那老汉说着,看着卫冬平手里拿着画回来,便咧着嘴取笑道:“冬平啊,你不是说要把卖给白马湖小区的韩总吗,怎么着这又拿回来了?早说了,人家韩总五万块钱求一幅奔马图,就你这百二十块的旧画,人家可不稀罕,出丑了吧?”
一边几个大叔大伯大妈的都乐呵了起来。
白蔡蔡在边上听着,这几位嘲笑归嘲笑,但都还算透着亲昵,她算是明白了,卫冬平这人臭名声在外,但在家里这一亩三分地里,本着兔子不吃窝草的规则,经营的还算不错。
“切,王大伯,我告诉,这画百二十块的我还真不卖,别看人家韩总五万块钱求一幅奔马图,我告诉你,他是在花钱给自个儿找麻烦,你等着,过不了几天,他就得亲自到我这里来上门求画,没个十万块钱,我这画决不出手。”这时,卫冬平扬着手上的画,拍着胸膛,得瑟的道。
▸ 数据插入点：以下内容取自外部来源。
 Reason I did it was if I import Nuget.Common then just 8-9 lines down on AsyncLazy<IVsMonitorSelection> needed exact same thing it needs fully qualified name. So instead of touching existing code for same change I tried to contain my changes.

“哈哈哈。”走廊上聊天的几个更是笑开花了,都道这家伙想钱想疯了。
白蔡蔡跟在他身后,那也是一阵无语啊,这个卫冬平也不怕风大闪了舌头,说话更是高调的没边没际,要知道这年月,风水可不是只有她才懂,韩总完全可以找别人解决问题。这家伙也不怕到时不成丢了面子。
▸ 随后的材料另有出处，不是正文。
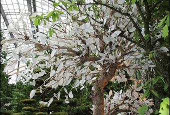 »L’Arbre Féerique », cet objet unique composé d’un tronc de théier avec des feuilles en porcelaine blanche est la résultante des talents de la céramiste Barbara Billoud et du sculpteur végétal Geneviève Mathieu. »
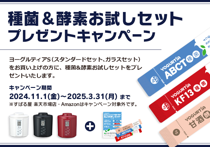 2024.11.01 キャンペーン 種菌&酵素お試しセットプレゼントキャンペーン開催! 2024年11月1日(金)~2025年3月31日(月)までの期間、種菌&酵素お試しセットプレゼントキャンペーンを開催し…
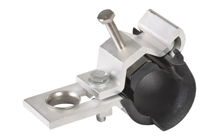 Предназначен для подвески самонесущего изолированного провода на промежуточных и угловых опорах при углах поворота до 30°. Кронштейн состоит из двух алюминиевых профилей, соединенных болтовым соединением, образующий замкнутый контур, препятствующий выскальзыванию провода в случае ослабления затяжки. Зажатие провода осуществляется прижимом.
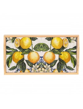 PLATEAU de...PLATEAU de présentation Vide Poche en Bois rectangulaire 33cm Déco Citrons
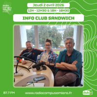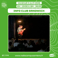 Aujourd’hui, on reçoit dans l’Info Club Sandwich l’artiste Melkior, pour parler de sa musique ! Côté musique, on s’écoute The lost lump, de Melkior et Girl crush, de Pete Wolf Band. En deuxième partie d’émission, Sonia présente les actualités locales de…

白蔡蔡想着,就先一步进了西边的屋子。还在门口就闻到一股子浓浓的香味儿,门边的煤饼炉上,正炖着一只大沙锅,那香味就是从沙锅里飘出来的。金素宣正在那里忙活着。
“蔡蔡来了,先坐一会儿,马上就可以吃了。”金素宣笑的一脸灿烂,不过,听着不远处,卫冬平正跟人没边没际的吹着。就轻嗔的叫道:“冬平,回家准备吃饭了。”
“来了,来了。”卫冬平忙不叠的道。不过这厮仍不服气的冲着那些人道:“你们瞧着是了,过几天。韩总一准得来。”
这时。先前说话的王大伯好心的道:“冬平,我可告诉你,你这个家担的不容易。还是踏实点好,别素宣她妈的疯病快好了,你却整成了钱疯子。”
卫冬平却仍是不服气,一幅让大家等着瞧的样子。
倒是边上有人听到那王大伯的话,奇怪的问:“怎么,阿香婆的疯病好了吗?她这两年可比以前疯多了。”
“我瞅着快好了。我今天从午睡起来,就看阿香婆坐在那门口。不疯跑,不乱唱的,安安静静,脸上的表情也比以前平和多了,我瞅着啊,这回阿香婆有些不一样了。”那王老伯抬抬下巴朝着阿香婆的方向道。
他话音一落,众人的眼光便不由的齐齐的落在坐在门前的阿香婆身上。见她靠着走廊的一根柱子坐着,在夕阳的余辉下,显得安静宁祥,都不由的啧啧称奇,都纷纷道:“看这样子,还真好多了。”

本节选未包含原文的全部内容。